Una vez emplazado el cañón en el lugar adecuado y ajustados el azimut y la deriva, el teniente, que disponía de pocos artilleros, mandó llamar a un soldado.
-Mira por aquí -ordenó-. ¿Ves dónde se cruzan las dos líneas, sobre el camino en la pared del desfiladero? ¿Sí? Bien. Por ahí va a pasar un camión enemigo con municiones. Te vas a quedar aquí y, en cuanto veas en el medio del aspa la cabina del camión, tiras de esta cuerda. ¿Entendido?
El soldado dijo que sí. El teniente le entregó el tiraflictor. Después, a una señal del oficial, la columna avanzó hacia los bosques.
Por el visor del cañón, el soldado veía, recogido en un círculo, un paisaje de paredes rocosas con raras especies arbóreas encaramadas, dos torrentes que se vertían apenas deshelados hacia un abismo, dominio de marañas de matorrales de hojas rojizas, y, muy al fondo, unos prados verdes de otoño, vacas, las primeras casas de un pueblo, una iglesia, una torre de observación y una bandera enemiga que, de pronto, con una ondulación, como si el viento suave que soplaba fuera mágico o cinematográfico, se convirtió en un extraño pájaro.
Fue una coincidencia. El soldado miraba la bandera. Parpadeó tras contener el gesto más de lo habitual por aquello de la vigilancia y volvió a fijar la vista en el instante en que el pájaro cruzaba su campo visual, de modo que por un momento le pareció que del flameo del trapo multicolor surgía el ave.
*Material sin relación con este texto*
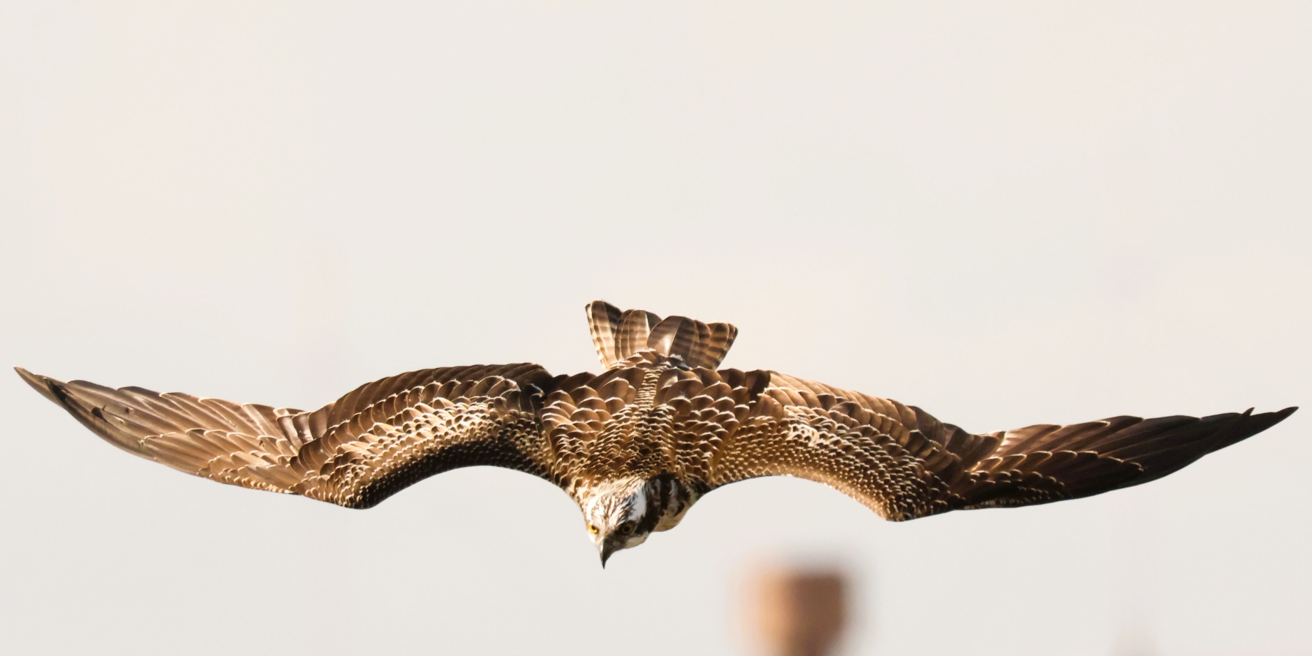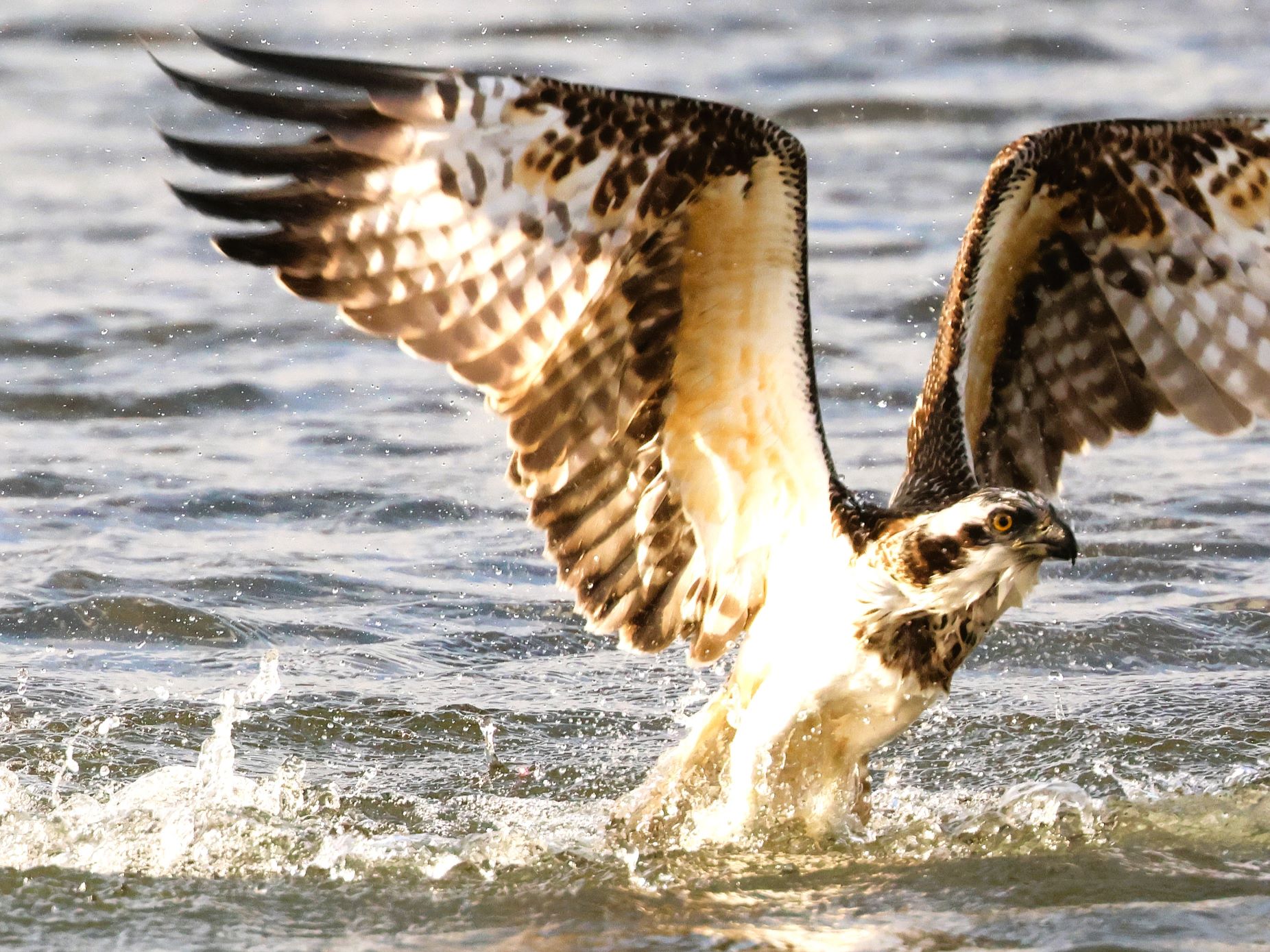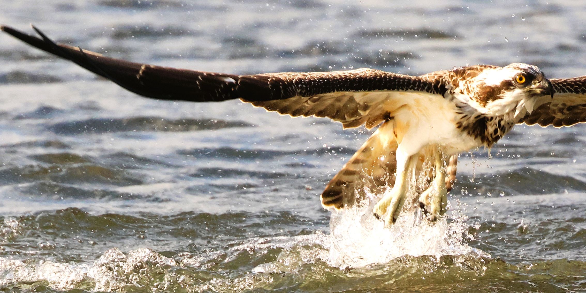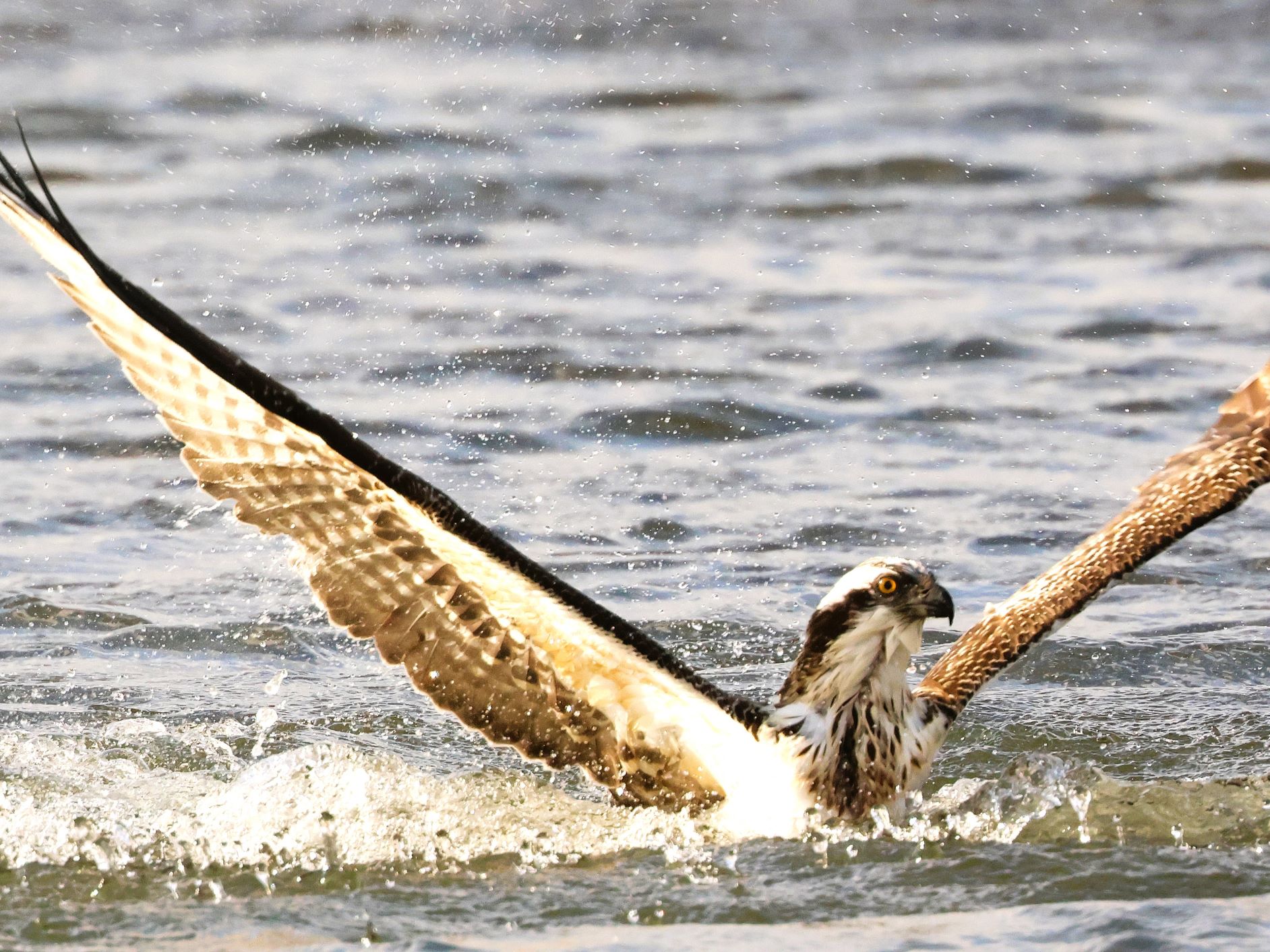 ミサゴのホバーリングから川から飛び出し場面まで連続撮影された作品は、飛び込み態勢の精悍な目と広げた羽がミサゴらしいです。

Era un pájaro grande, de plumaje azul y plata, que sobrevoló la torre, hizo dos círculos perfectos alrededor del campanario de la iglesia, bajó en espiral hacia los prados, dibujó sobre ellos la rueda de una noria, se elevó hacia los riscos, los superó, alcanzó la altura de la única nube presente en el cielo, muy pequeña y blanca, se dejó acunar junto a ella por una corriente tranquila, descendió hacia el cristal de los torrentes, después hacia el camino… Y entonces el soldado vio desaparecer tras unas peñas el camión de municiones, que había cruzado el paso sin novedad.
Al soldado nunca le había parecido el mundo tan silencioso. Permaneció allí un buen rato, con el cable inútil en la mano, nervioso, procurando no pensar en lo que no había hecho y buscando en vano al pájaro con la mirada; pero el animal había desaparecido, quizá hacia los bosques, y cuando el recluta comprendió que no era el suyo un regreso probable -quizá el ave era un invento del enemigo para distraer a los soldados- decidió hacer el disparo para no defraudar al teniente, por lo menos hasta que la guerra le mostrara la verdad.
Después del fragor y del humo, el camino quedó partido en dos. El soldado, sediento, se sentó en la yerba y abrió la cantimplora.